GOAL OF THE EXERCISE
An exact repetition of the data below, without images, is the expected answer.

SOURCE DATA
==============================

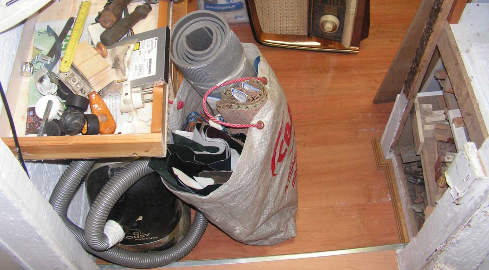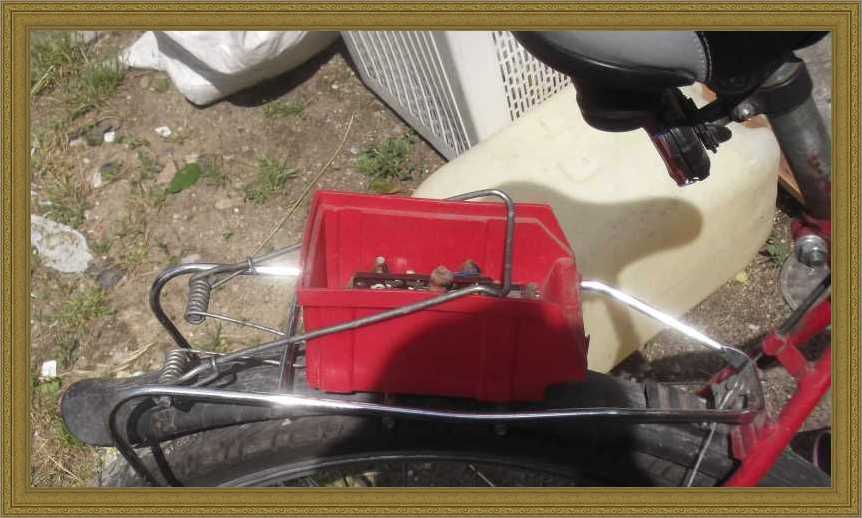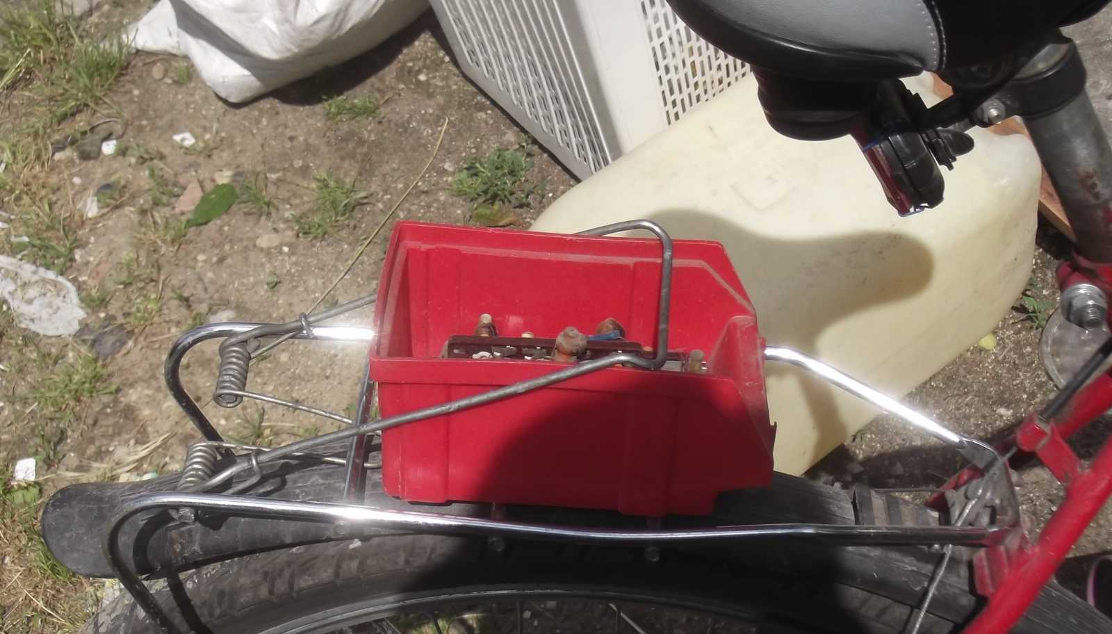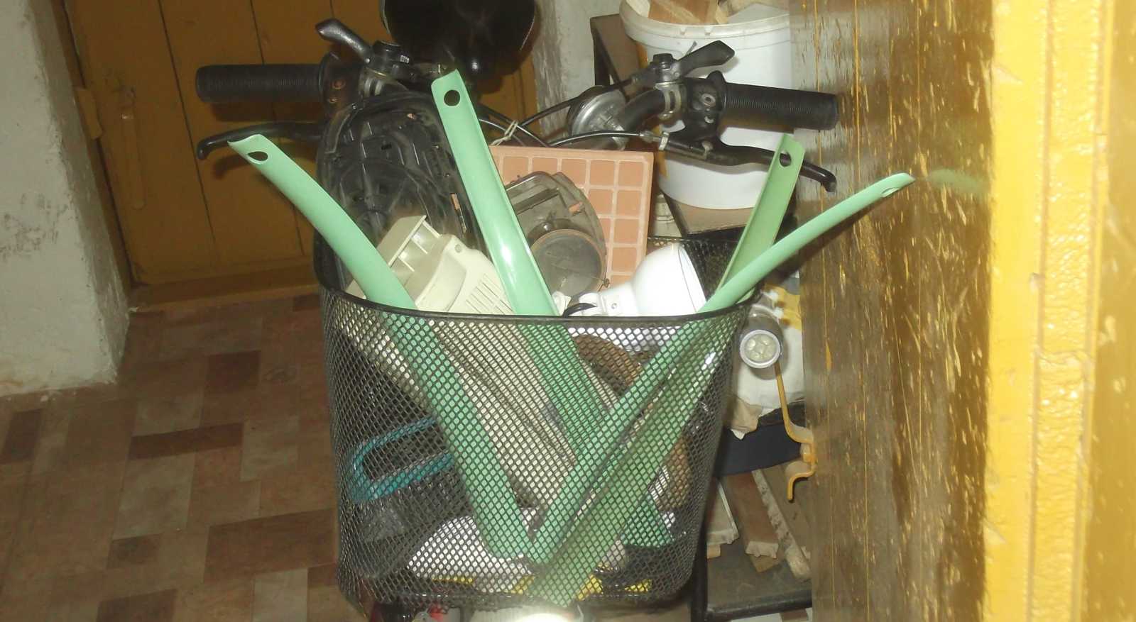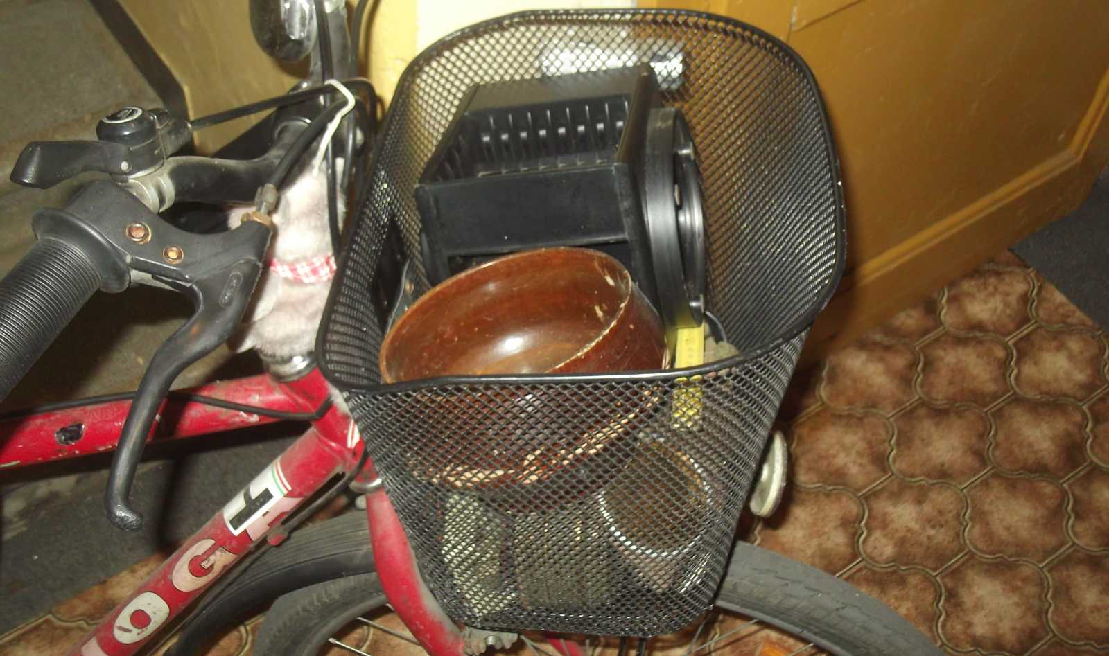 Pedig nem, hiszen a kosárban mindenféle olyan sziriszar ül, mint például az azóta már el is ajándékozott iratmegsemmisítő. A cipőkanalakat amúgy azért hoztam el mert azokkal voltak kitámasztva a mindenféle vackok (például a csempék), hogy ne csesszék szét a kosarat. Legalábbis egészen addig így volt, míg csak le nem toltam a bicajt a lépcsőn. Hogy merre állnak, az most már azért nem számít, mert már itthon vagyok, s a pince telítettsége okán menten véget is vetettem a további beszerzéseknek. |
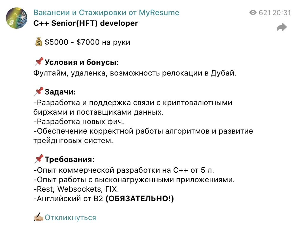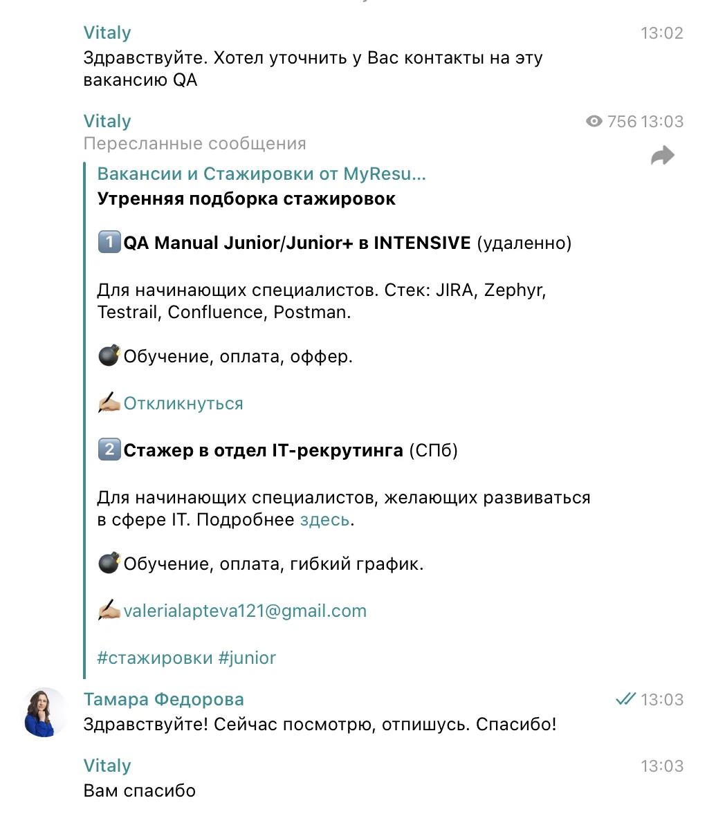 Плюс у нас определен график публикаций. Например, в 8 утра по Мск мы размещаем утреннюю подборку стажировок и предложения о работе для джунов, а затем каждые 1,5 часа — вакансии с оплатой от 80 000 рублей для опытных специалистов. Исключение — если компании просят срочно опубликовать пост с объявлением.
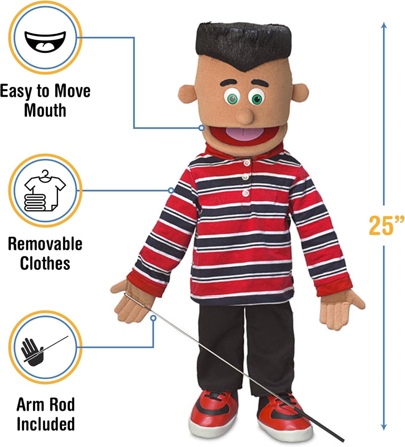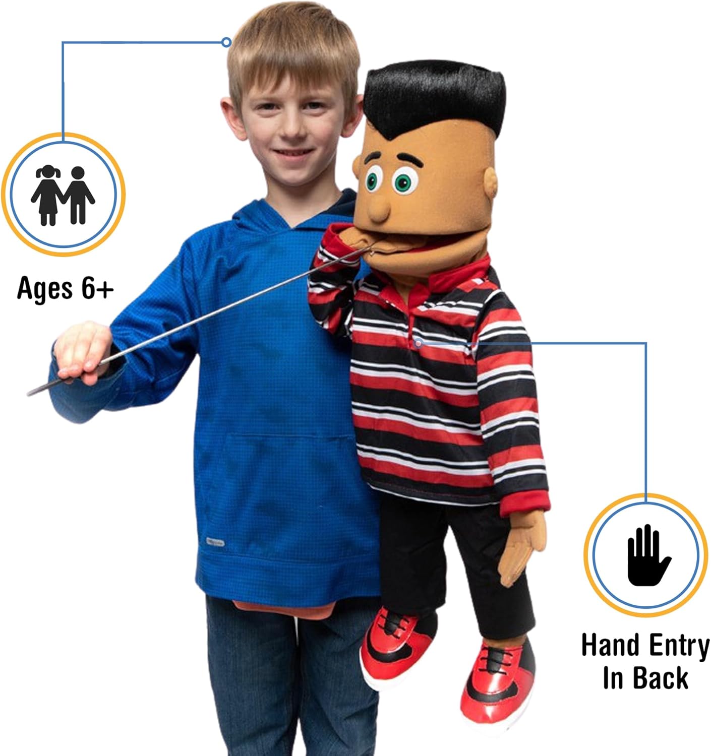Our new full body, performance quality, ventriloquist doll style puppets feature an incredibly easy moving mouth. They also come with a metal arm control rod. For those who have no idea what that means (dont worry, alot of people ask!) the rod is a thin metal "wand" that simply clips to either hand for movement. This is how Muppet and Sesame Street type puppets are operated. Simply insert your hand into the slot in the puppet's back to operate the mouth. By opening and closing your hand the puppet's mouth will move. Bodies are poly-fill stuffed and soft making them light-weight. They weigh in at about 1 pound. These puppets are very durable and are made to last a lifetime. The puppet comes completely dressed as shown (clothing may vary slightly due to fabric availability). Clothes are removable and this puppet wears child size 18 months. Our new 25" puppets are highly recommended for both beginners and experienced puppeteers. Their mouths are so easy to move and wont hurt your hand making them perfect for puppet ministry, school performances, talent shows, drama, theater, therapy, good clean fun at home, and more! Give them a try and we promise you wont be disappointed! Recommended for ages 5 and up. Children under this age would enjoy having an adult or older child operate it and put on the show for them.

==============================

EXERCISE ANSWER
 Pedig nem, hiszen a kosárban mindenféle olyan sziriszar ül, mint például az azóta már el is ajándékozott iratmegsemmisítő. A cipőkanalakat amúgy azért hoztam el mert azokkal voltak kitámasztva a mindenféle vackok (például a csempék), hogy ne csesszék szét a kosarat. Legalábbis egészen addig így volt, míg csak le nem toltam a bicajt a lépcsőn. Hogy merre állnak, az most már azért nem számít, mert már itthon vagyok, s a pince telítettsége okán menten véget is vetettem a további beszerzéseknek. |
 Плюс у нас определен график публикаций. Например, в 8 утра по Мск мы размещаем утреннюю подборку стажировок и предложения о работе для джунов, а затем каждые 1,5 часа — вакансии с оплатой от 80 000 рублей для опытных специалистов. Исключение — если компании просят срочно опубликовать пост с объявлением.
Our new full body, performance quality, ventriloquist doll style puppets feature an incredibly easy moving mouth. They also come with a metal arm control rod. For those who have no idea what that means (dont worry, alot of people ask!) the rod is a thin metal "wand" that simply clips to either hand for movement. This is how Muppet and Sesame Street type puppets are operated. Simply insert your hand into the slot in the puppet's back to operate the mouth. By opening and closing your hand the puppet's mouth will move. Bodies are poly-fill stuffed and soft making them light-weight. They weigh in at about 1 pound. These puppets are very durable and are made to last a lifetime. The puppet comes completely dressed as shown (clothing may vary slightly due to fabric availability). Clothes are removable and this puppet wears child size 18 months. Our new 25" puppets are highly recommended for both beginners and experienced puppeteers. Their mouths are so easy to move and wont hurt your hand making them perfect for puppet ministry, school performances, talent shows, drama, theater, therapy, good clean fun at home, and more! Give them a try and we promise you wont be disappointed! Recommended for ages 5 and up. Children under this age would enjoy having an adult or older child operate it and put on the show for them.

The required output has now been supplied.